Prompt:
Set down, word for word, each line from the top of the data through the line that has "- Jednoduchšia forma"; omit every picture.

Supplied material:
::::::::::

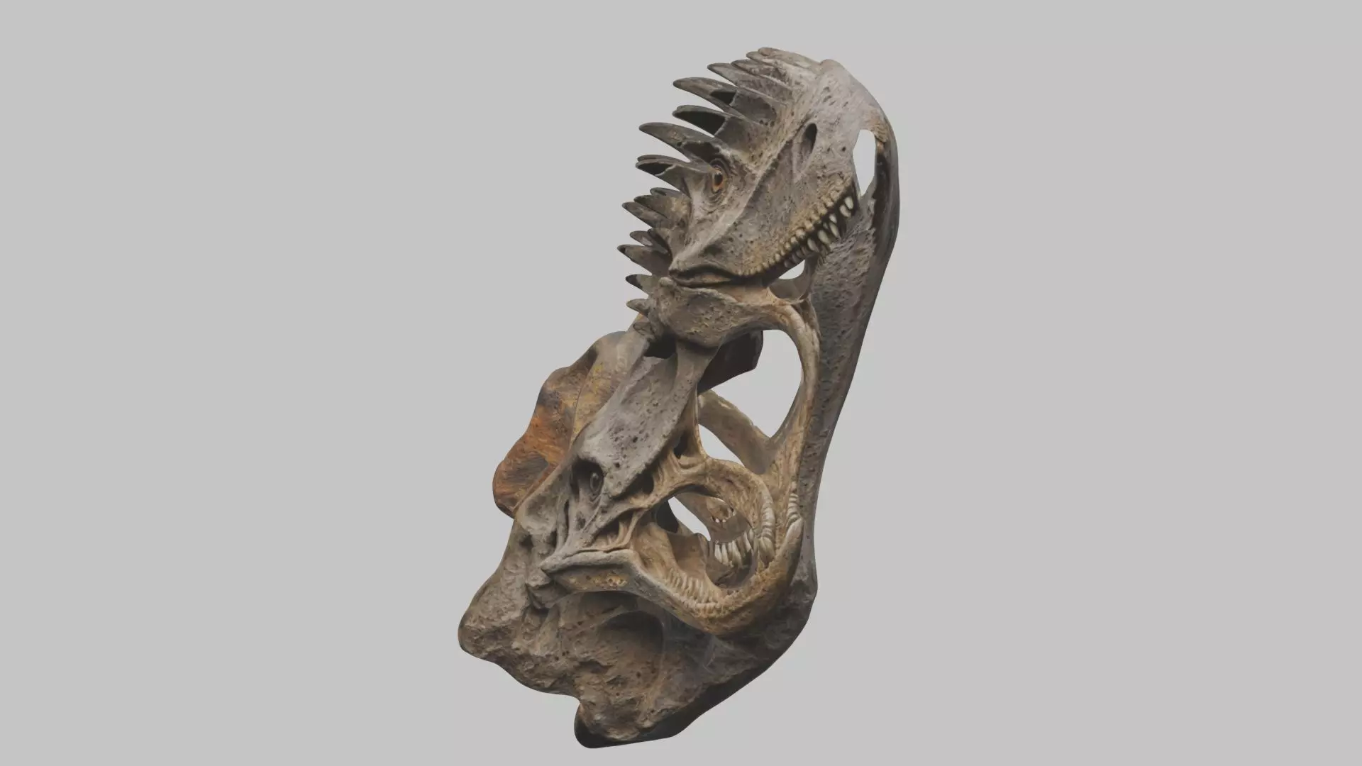 This is a detailed 3D model of an old stone Head Tyranosaurs Rex Fossil The model is ideal for adding a touch of ancient mystery to your 3D projects. It features realistic textures and intricate details, making it suitable for close-up renders and game development.
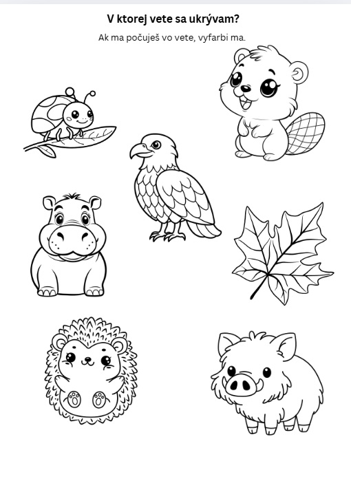 - Jednoduchšia forma - pracovný list s obrázkami na vyfarbovanie, jedno zviera vždy ostáva - ktoré?
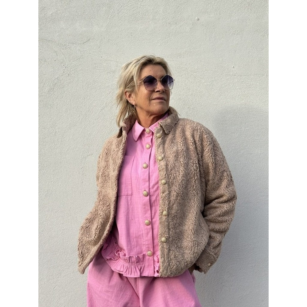 Harlem Duffy Jacket er en blød og hyggelig teddy-jakke med en afslappet, lige pasform, der giver et moderne og stilrent udtryk. Modellen har to praktiske lommer foran og lukkes med dekorative knapper, der understreger det elegante design. På ryggen prydes jakken af et smukt broderi, som giver et unikt og eksklusivt look.

::::::::::

Written answer:
 This is a detailed 3D model of an old stone Head Tyranosaurs Rex Fossil The model is ideal for adding a touch of ancient mystery to your 3D projects. It features realistic textures and intricate details, making it suitable for close-up renders and game development.
 - Jednoduchšia forma - pracovný list s obrázkami na vyfarbovanie, jedno zviera vždy ostáva - ktoré?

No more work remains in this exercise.